*** Exercise data ***

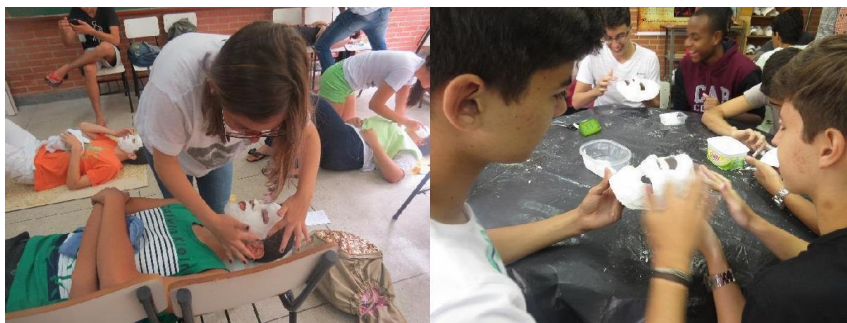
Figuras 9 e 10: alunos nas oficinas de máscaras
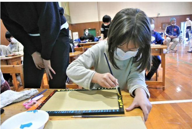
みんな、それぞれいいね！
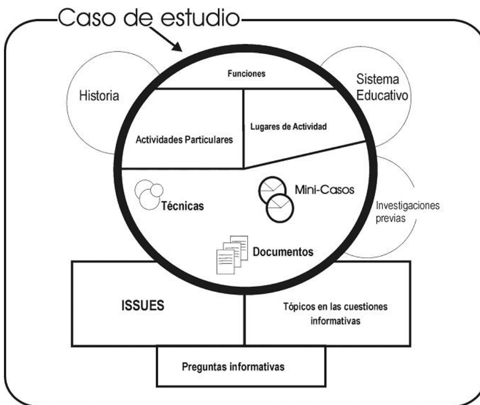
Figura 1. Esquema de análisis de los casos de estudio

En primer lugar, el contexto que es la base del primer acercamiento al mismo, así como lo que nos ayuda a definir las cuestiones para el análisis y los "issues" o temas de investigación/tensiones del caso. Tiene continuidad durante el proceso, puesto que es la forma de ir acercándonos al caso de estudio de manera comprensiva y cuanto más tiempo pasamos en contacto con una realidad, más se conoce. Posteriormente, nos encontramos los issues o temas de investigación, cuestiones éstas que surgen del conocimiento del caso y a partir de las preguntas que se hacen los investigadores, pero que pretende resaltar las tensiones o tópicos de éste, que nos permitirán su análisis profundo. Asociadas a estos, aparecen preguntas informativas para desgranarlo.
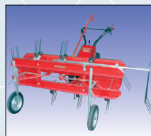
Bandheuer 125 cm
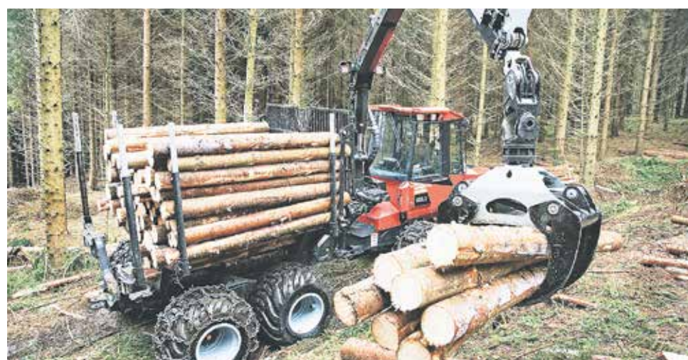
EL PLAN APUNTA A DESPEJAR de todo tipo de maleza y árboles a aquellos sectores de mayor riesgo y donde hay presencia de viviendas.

*** End of Exercise data ***
*** Exercise data ***

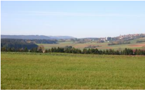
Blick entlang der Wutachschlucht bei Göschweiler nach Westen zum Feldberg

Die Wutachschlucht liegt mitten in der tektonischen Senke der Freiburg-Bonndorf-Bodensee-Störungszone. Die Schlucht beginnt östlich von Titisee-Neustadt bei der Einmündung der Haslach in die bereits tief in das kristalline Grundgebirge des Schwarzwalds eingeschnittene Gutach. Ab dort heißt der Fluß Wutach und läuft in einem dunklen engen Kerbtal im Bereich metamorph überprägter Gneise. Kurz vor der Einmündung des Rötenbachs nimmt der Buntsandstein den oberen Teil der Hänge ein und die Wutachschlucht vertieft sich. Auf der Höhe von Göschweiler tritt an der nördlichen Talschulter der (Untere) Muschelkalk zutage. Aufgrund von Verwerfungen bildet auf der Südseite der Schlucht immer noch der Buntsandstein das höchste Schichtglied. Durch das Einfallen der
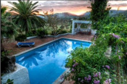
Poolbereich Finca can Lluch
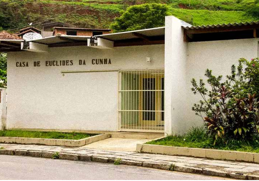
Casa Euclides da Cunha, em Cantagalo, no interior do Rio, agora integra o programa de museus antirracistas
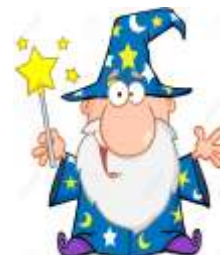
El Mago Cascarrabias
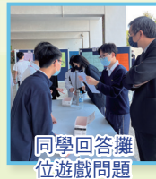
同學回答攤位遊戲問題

*** End of Exercise data ***

### Required work
Going by the data above, give back only the lines from the one containing "Figuras 9 e" through the one containing "EL PLAN APUNTA", exactly as they stand, both ends included and no images.

### Finished task
Figuras 9 e 10: alunos nas oficinas de máscaras
みんな、それぞれいいね！
Figura 1. Esquema de análisis de los casos de estudio

En primer lugar, el contexto que es la base del primer acercamiento al mismo, así como lo que nos ayuda a definir las cuestiones para el análisis y los "issues" o temas de investigación/tensiones del caso. Tiene continuidad durante el proceso, puesto que es la forma de ir acercándonos al caso de estudio de manera comprensiva y cuanto más tiempo pasamos en contacto con una realidad, más se conoce. Posteriormente, nos encontramos los issues o temas de investigación, cuestiones éstas que surgen del conocimiento del caso y a partir de las preguntas que se hacen los investigadores, pero que pretende resaltar las tensiones o tópicos de éste, que nos permitirán su análisis profundo. Asociadas a estos, aparecen preguntas informativas para desgranarlo.
Bandheuer 125 cm
EL PLAN APUNTA A DESPEJAR de todo tipo de maleza y árboles a aquellos sectores de mayor riesgo y donde hay presencia de viviendas.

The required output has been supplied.